59 P. 1080 | Kan. | 1900
The opinion of the court was delivered by
This is an appeal by the state upon a question reserved by it. The defendant in the court below interposed a plea of former jeopardy, which, upon hearing and consideration by the court, was sustained and an order made for his discharge, The defendant had been informed against for grand larceny. Upon the trial of his case the jury reported that they were unable to agree, whereupon they were discharged from further consideration of the case. The action was continued to the next succeeding term, and at that term the defendant filed his plea of former jeopardy. In this plea he alleged that, at the trial of his case at the preceding term, “the jury were arbitrarily discharged without a verdict from the consideration of the case, and without any sufficient or lawful reason therefor, to which discharge defendant excepted, and having once been in jeopardy he cannot again be placed upon trial.” The evidence in support of this plea was, of course, the record of the
“ The said jury retired in charge of a sworn bailiff to consider of their verdict.
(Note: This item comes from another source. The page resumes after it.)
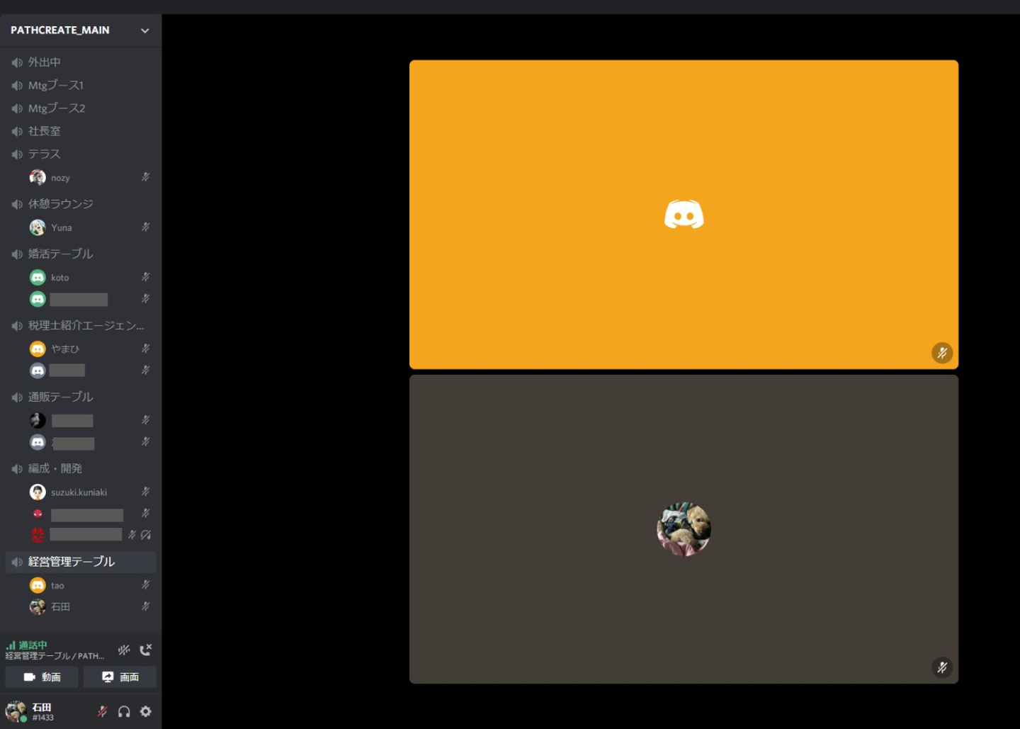 サーバーという大きなお部屋の中にチャンネルという小さなお部屋を作ることが出来るので、パスクリエイトでは「PATHCREATE MAIN」というサーバーを作り、その中に「執務室」・「ミーティングブース」・「社長室」などのチャンネルに加え、各事業部のチャンネルを作成し、コミュニケーションが取りやすいようにしてあります。

And after being absent some time in consideration of their verdict they were duly returned to the jury-box and the court duly inquired of the foreman whether they had agreed upon a verdict, and was informed by said foreman that jihey had not. The court then inquired of said foreman, ‘Is there any probability of your doing so?’ and was answered by said foreman, ‘ There is not.’ The jury was by the court thereupon discharged from the further consideration of the cause, because they were unable to agree upon a verdict.”
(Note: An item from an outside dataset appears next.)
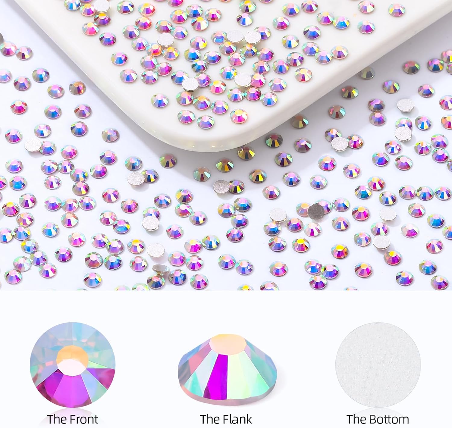 Crystal AB Flatback Rhinestones, Glass Rhinestones for Nail Art and Craft, Glue Fix, Loose Crystal Gemstones(Crystal AB, SS3, 2880pcs, 1.3-1.4mm)

We have delayed the determination of the case to give consideration to a question involved in it but which was not argued by counsel. That question is as to the effect of the defendant’s discharge upon the hearing of his plea of former jeopardy. Can he, in the event of a reversal of this case upon the state’s appeal, be again arrested and held for trial? Or, was the hearing given him upon his plea of former jeopardy itself a jeopardy which he may plead in bar when again brought to trial? If the latter should be the case, the question presented to us as to the effect of the discharge of the jury on the first trial would be moot in its nature, and would not be considered by us. (The State v. Rook, ante, p; 382, 59 Pac. 653.) The subject, as we now view it in the light of the authorities, is quite free from doubt, although it did not appear so when first occurring to us.
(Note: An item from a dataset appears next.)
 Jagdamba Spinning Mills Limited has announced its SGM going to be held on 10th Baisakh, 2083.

Our conclusion is that a hearing upon a plea of former jeopardy alone is not itself a jeopardy, and a discharge upon such hearing is not an acquittal. Pleas of former acquittal or conviction, or former jeopardy, are special pleas of matter not properly in
The question now recurs, Was the plea of former jeopardy sustained by the record? It is undeniable
In The State v. Allen, 59 Kan. 758, 54 Pac. 1060, the record of the former trial recited that “ the jury not having agreed upon a verdict in the above-entitled cause, the jury is discharged from further consideration of this case.” It was therefore held that the existence of no proper or necessary grounds for the discharge of the jury had been shown, but that something more should have appeared than that the jury had not agreed upon a verdict. It should have been shown that there was no probability of their agreeing. The present case, however, is different. Plere it appeared, not merely that the jury had failed to agree, but that, upon inquiry of the foreman in the presence of his fellows, he had stated that there was no probability of their being able to agree. This statement of the foreman, the usual spokesman of the panel, in the presence of the remainder of the jurors, and not dissented from by them, must be regarded as their conclusion as well as his. In addition to the inquiry addressed by the court and answered by the-foreman, it appears from another recital of the record that the jury had “ been absent some time in consideration of their verdict,” before they were again brought into the presence of the court. How long they had been absent does not appear, but we must indulge the presumption that it had been for such a length of time as to enable the court to regard it as some evidence of inability to reach a conclusion. The record further shows, in connection writh its recitals of absence of the jury for “ some time in consideration of their verdict,” and inquiry and answer as to the probability of an agreement, that the jurors were thereupon discharged “ because they were unable to agree upon a verdict.”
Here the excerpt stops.